For the past 18 months, media outlets in Japan and abroad have looked approvingly upon Prime Minister Shinzo Abe's efforts to improve the country's economic future through proactive measures dubbed "Abenomics." The goal is to spur inflation so that companies can make more money and increase pay, thus raising consumption, tax revenues, etc. However, the plan's long-term success relies on one factor that is not at all assured: a stable population.
Local media have reacted with alarm over the results of a study released May 8 by the National Institute of Population and Social Security Research that says 49.8 percent of Japan's municipalities will see their populations of women between the ages of 20 and 39 decline by more than half by 2040. Smaller localities may cease to exist because there will be no economic base with which to maintain welfare services, schools and public transportation.
An article in Tokyo Shimbun analyzing the report pointed out that 80 percent of these at-risk municipalities are in five prefectures — Aomori, Iwate, Akita, Yamagata and Shimane — all of which already show lopsided demographics.
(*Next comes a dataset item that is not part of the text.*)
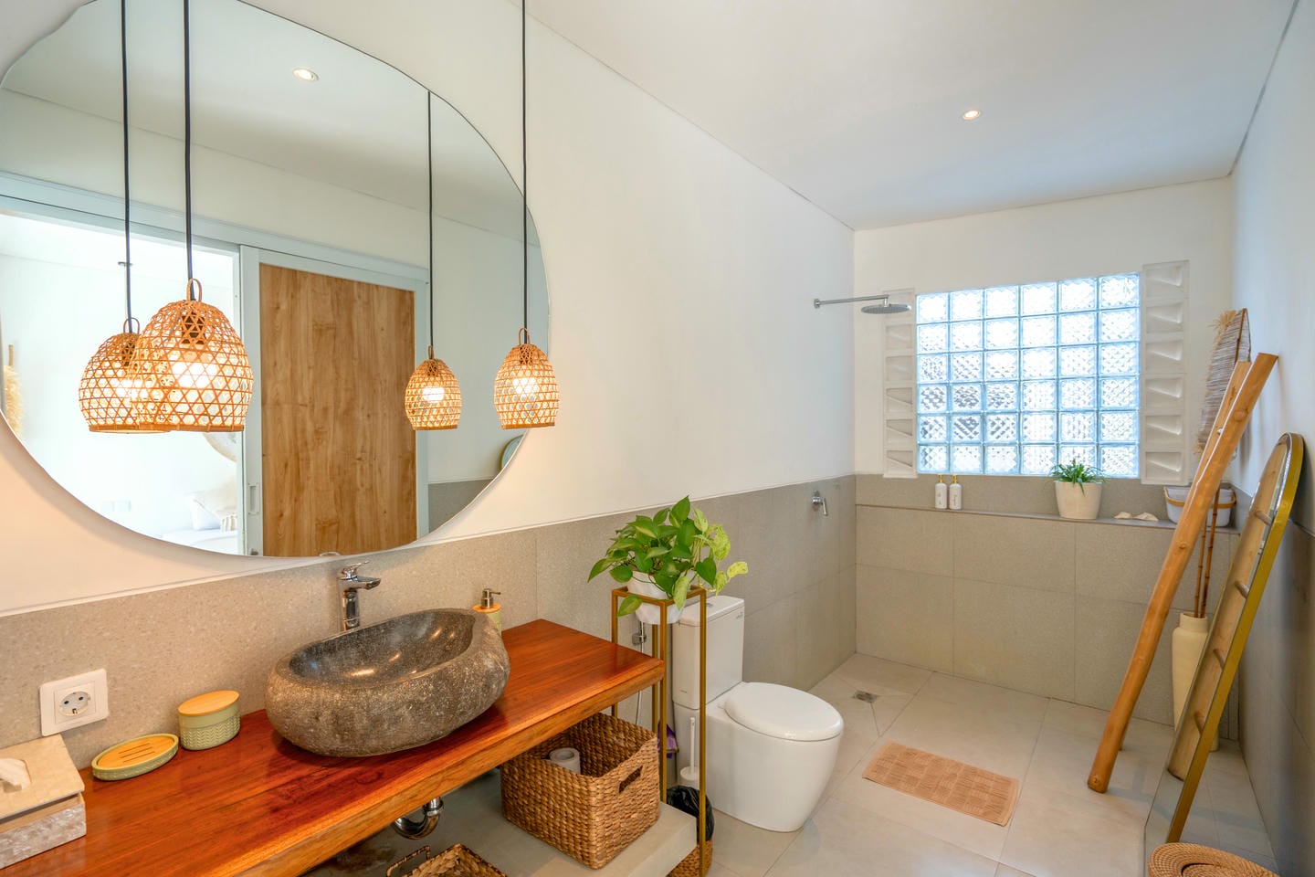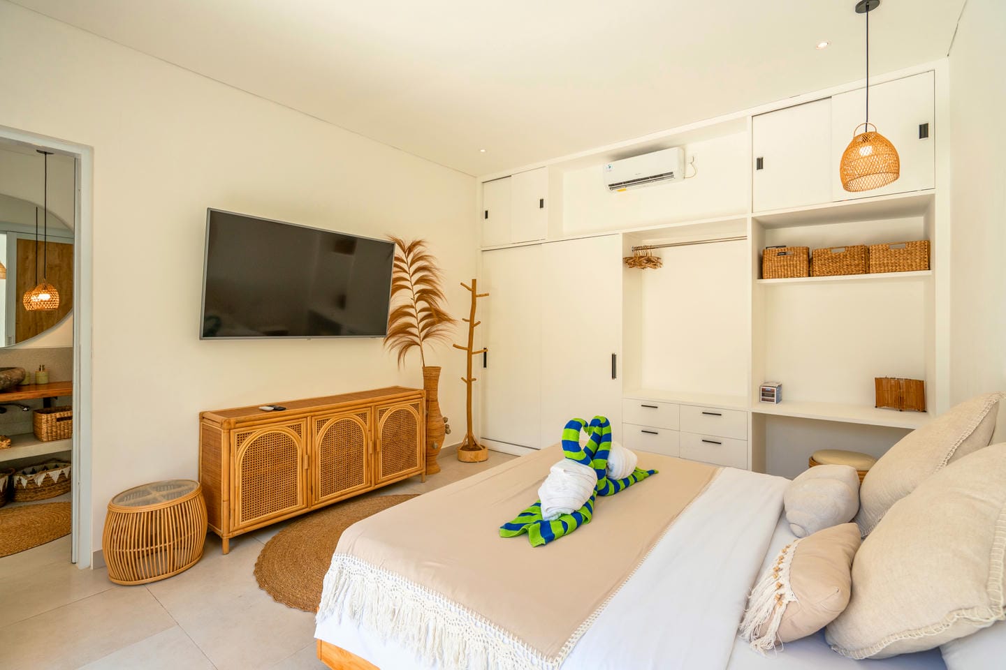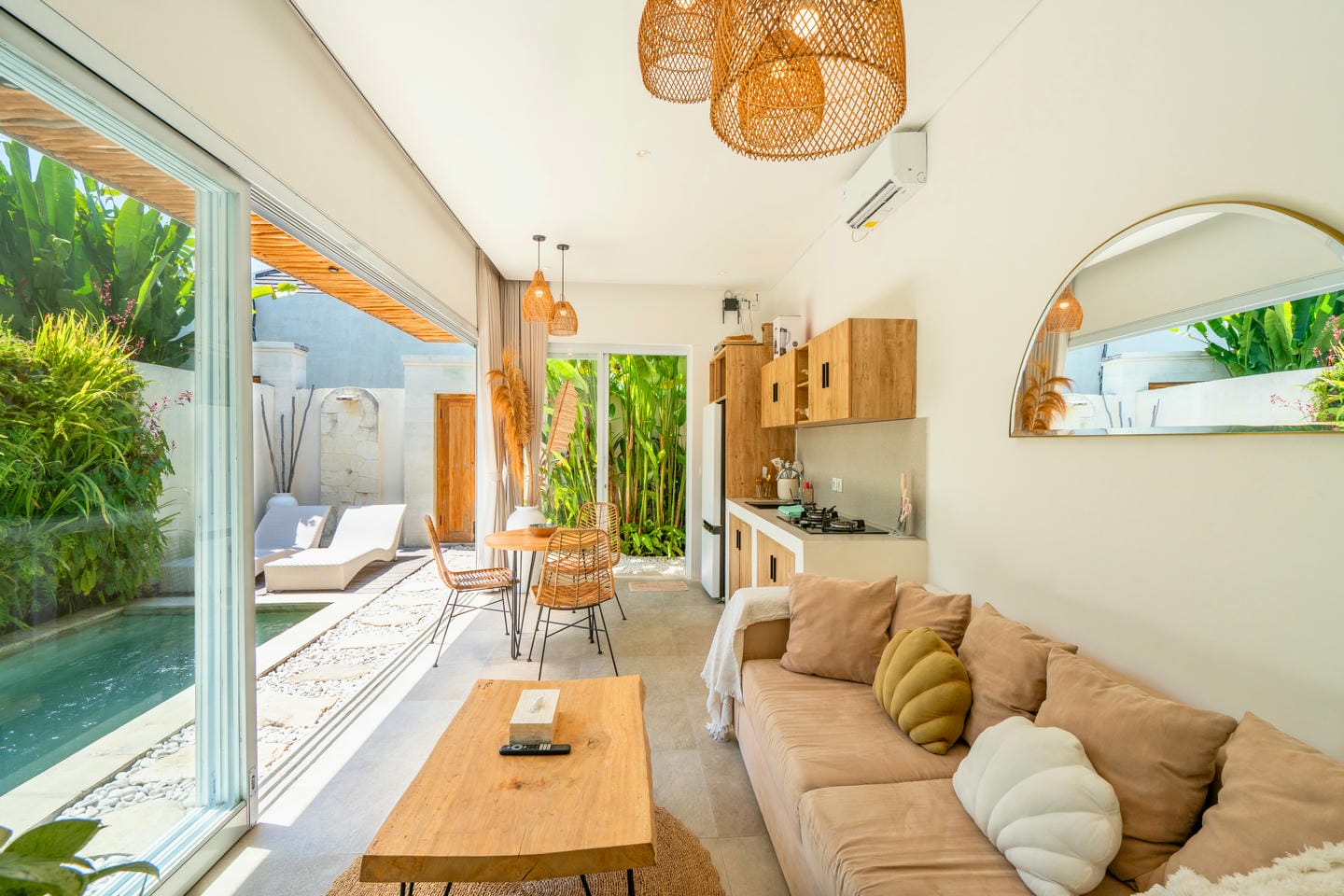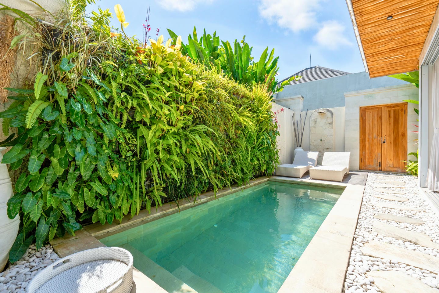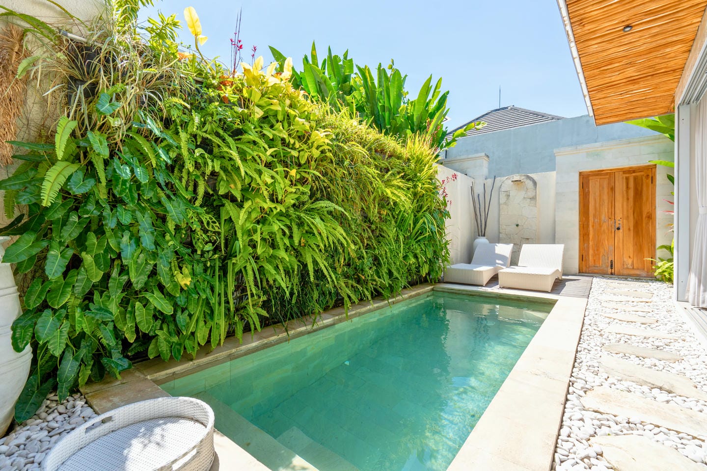Head out to the villa’s serene outdoor area, complete with a private swimming pool and soft bean bags for lounging. An outdoor shower adds convenience, while vibrant tropical plants on the walls enhance the tranquil, garden-like ambiance. It’s the perfect spot to relax, soak up the sun, and enjoy a peaceful day outdoors.

The portion of elderly is high, and many of the employment opportunities for younger women in these areas are in the medical and nursing fields. As people die and are not replaced, these workers will be compelled to go elsewhere, thus draining the area of women even before they have a chance to get married and settle down. A corollary mission of Abenomics is to get more women into the workforce, and in order to make that happen they will have to go to where the work is — cities.